The difference between מְחַיֶּה and מְחַיֵּה in the second בְּרָכָה of the Amida
This last year, I've been reading my way through Samson Raphael Hirsch's commentary on the Torah. He talks quite a bit about the meanings of Hebrew words (though he often gets his etymological derivations completely wrong, writing either in ignorance of or before the advent of modern Hebrew philology); and something he mentioned in last week's sedra answered something I'd been wondering about for years:
The second benediction of the Amida focuses on תְּחִיַת הַמֵּתִים the resurrection of the dead. (Indeed, it mentions it no fewer than five times, which would be good evidence, even if the Talmud didn't tell us so, that at the time the benediction reached its present form, rabbinical Judaism had a problem with other denominations—the Saduccees and Boethusians—denying the doctrine of the resurrection of the dead.) However, the בְּרָכָה makes use of two grammatical forms, מְחַיֶּה and מְחַיֵּה. What is the difference between them?
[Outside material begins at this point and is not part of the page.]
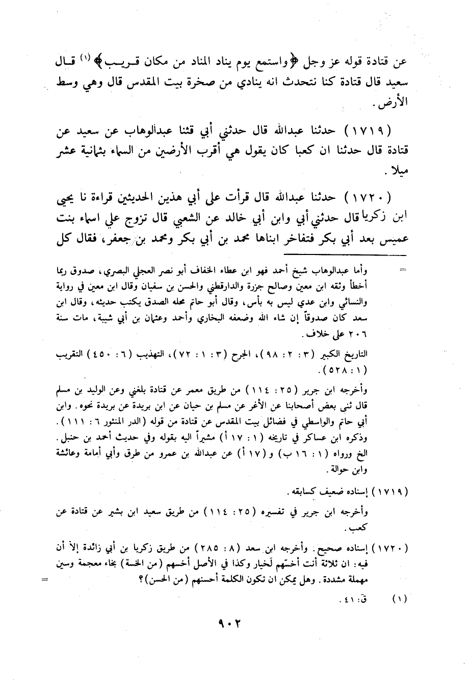 1719 - حَدَّثَنَا عَبْدُ اللَّهِ قَالَ: حَدَّثَنِي أَبِي، قثنا عَبْدُ الْوَهَّابِ، عَنْ سَعِيدٍ، عَنْ قَتَادَةَ قَالَ: حَدَّثَنَا أَنَّ كَعْبًا كَانَ يَقُولُ: «§هِيَ أَقْرَبُ الْأَرْضِينَ مِنَ السَّمَاءِ بِثَمَانِيَةَ عَشَرَ مِيلًا» .
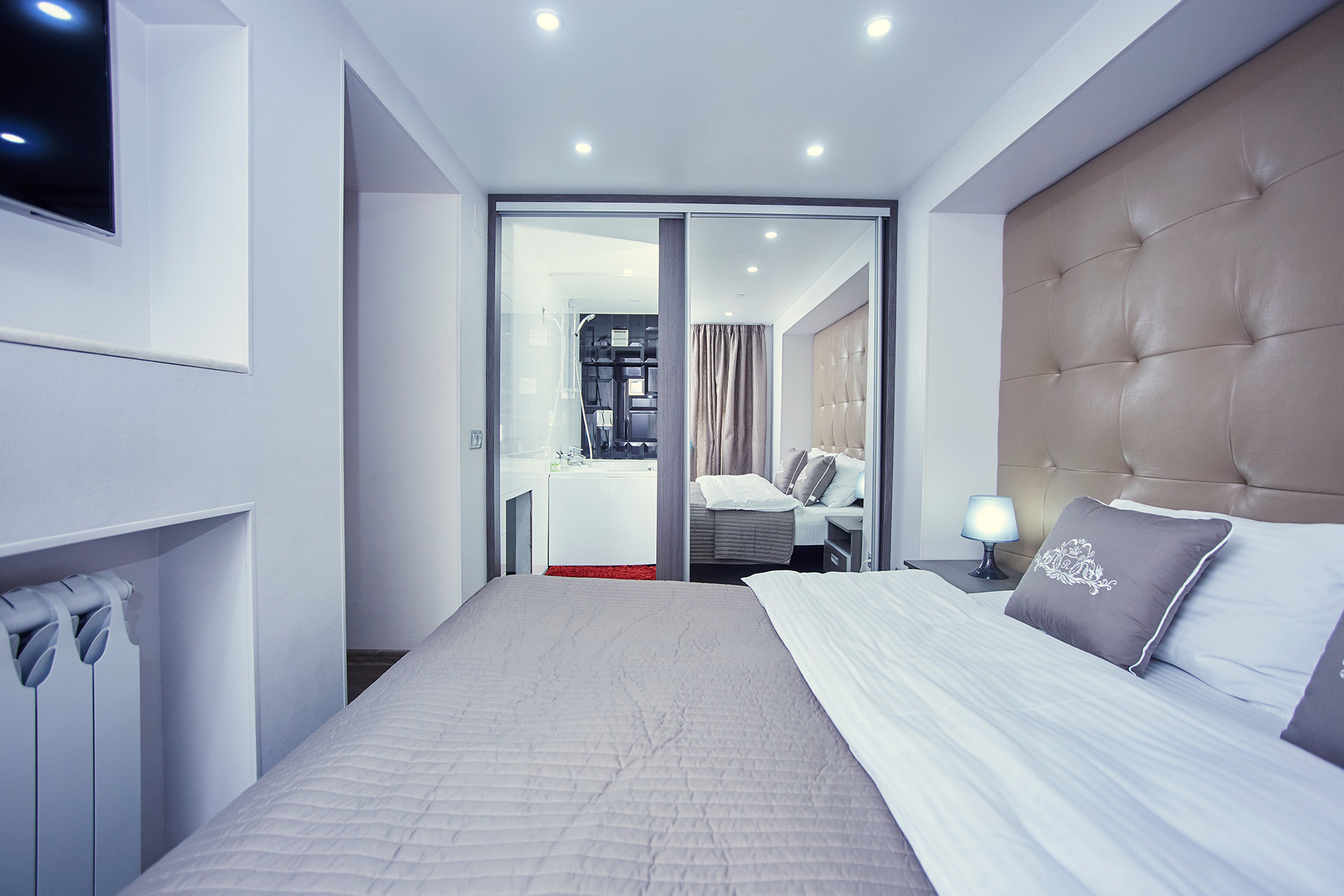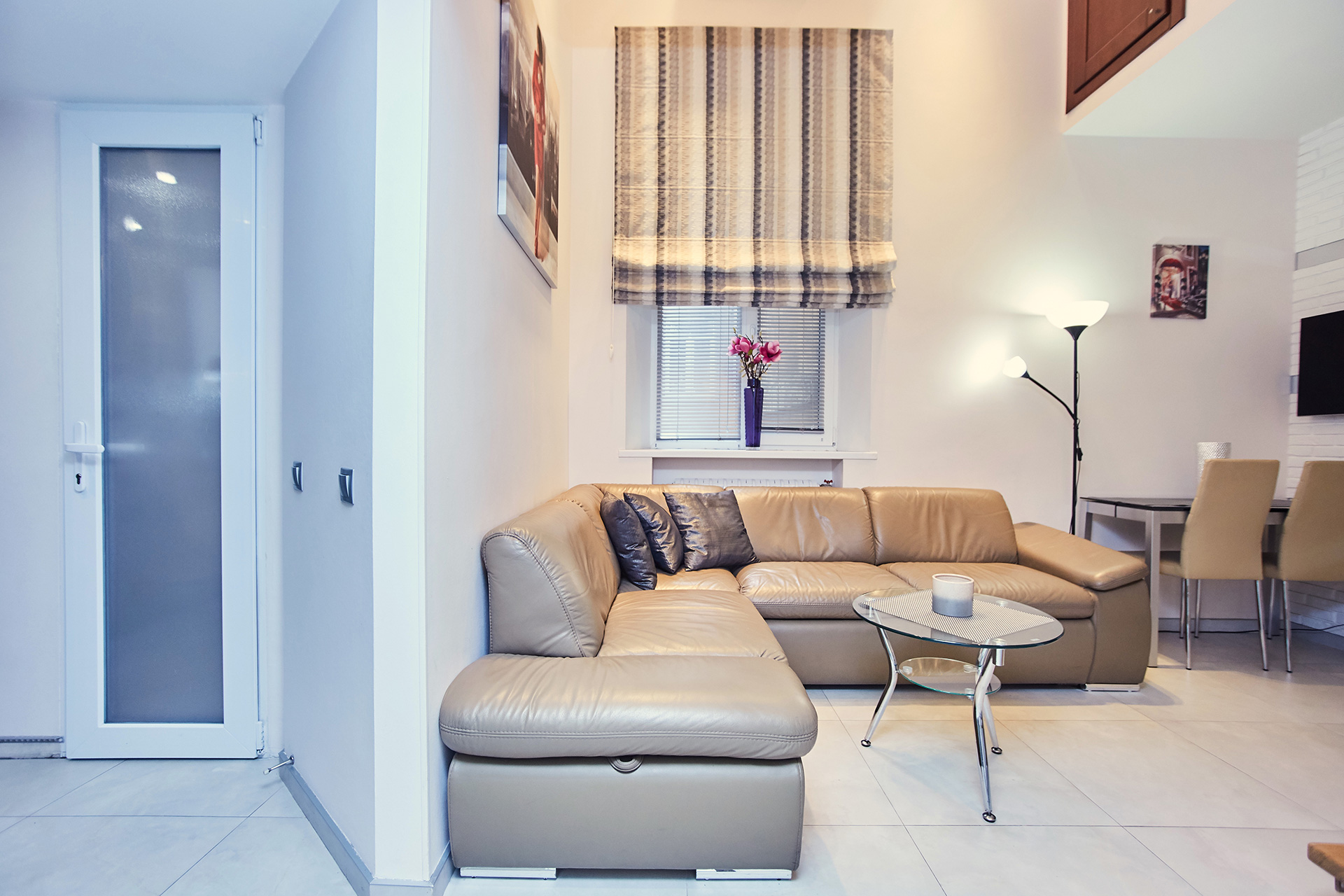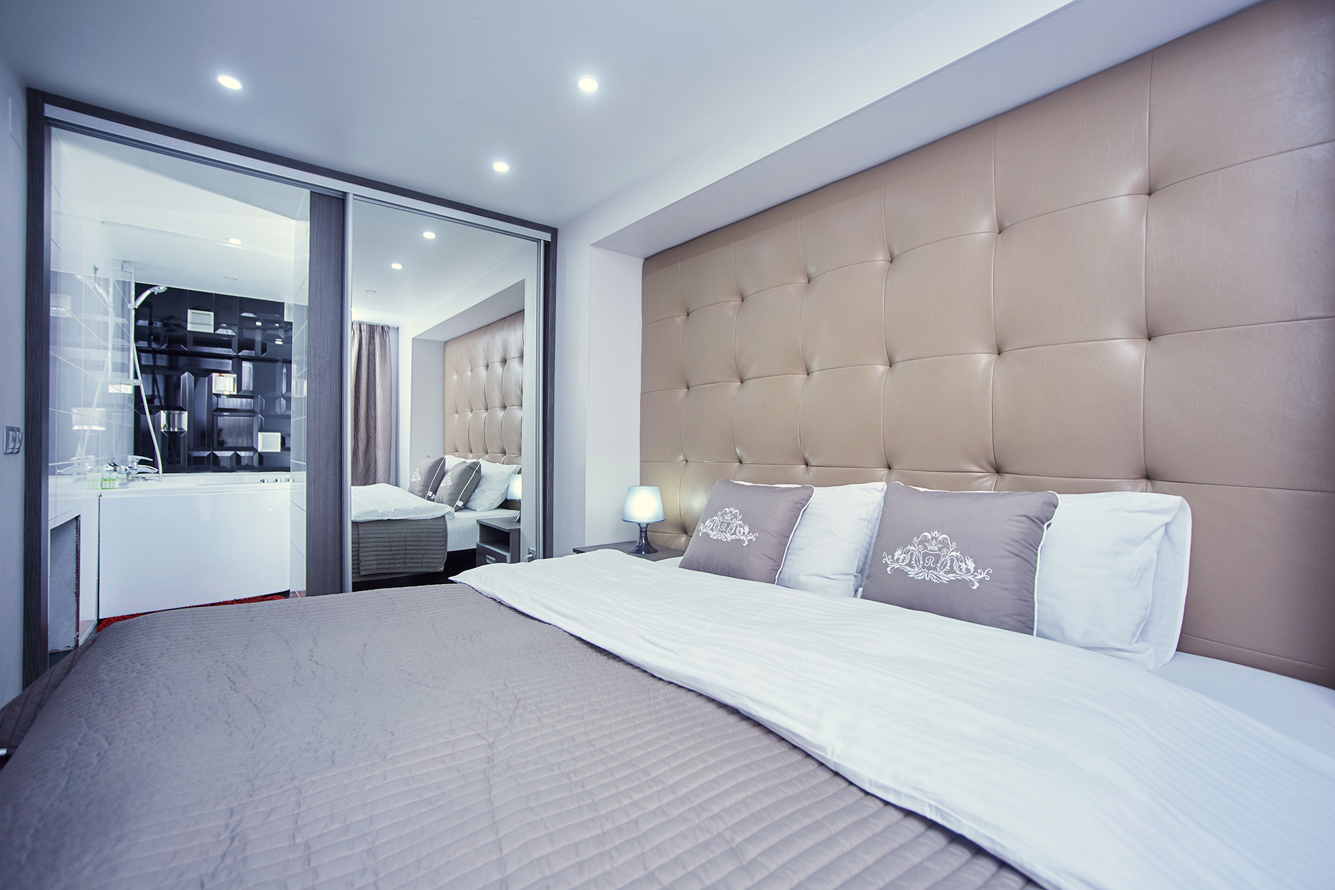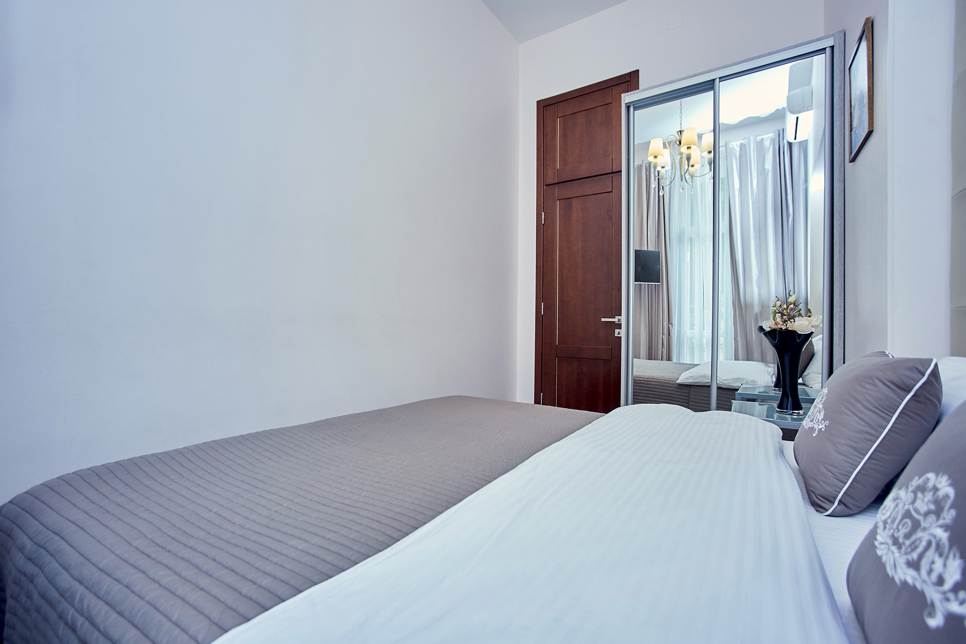 Современные двухэтажные просторные апартаменты с неповторимым, уникальным стилем — образец современного дизайна. На двух этажах апартаментов разместились: две спальни с большими двуспальными кроватями и ЖК телевизорами, кухня, оборудованная полным набором необходимой бытовой техники и посуды, в гостиной удобный большой кожаный диван, который при необходимости можно разложить в двуспальное место, ЖК телевизор, две ванных комнаты, одна из которых с ванной-джакузи для двоих и во второй — душевая кабина. В интерьере апартаментов использовались мягкие и спокойные тона.

As I understand it, the vowel on the last letter of the root of a verb turns to a סֶגוֹל when that root letter is a ה, which indicates that מְחַיֶּה is the correct present participle. So what, then, is מְחַיֵּה?
From Hirsch's writing about another word using the same grammatical form, I now understand that מְחַיֶּה is the verb form ("bringing life"), and מְחַיֵּה the noun ("bringer of life").
Another of my incredibly finicky questions about Hebrew grammar answered. Thanks, R. Hirsch!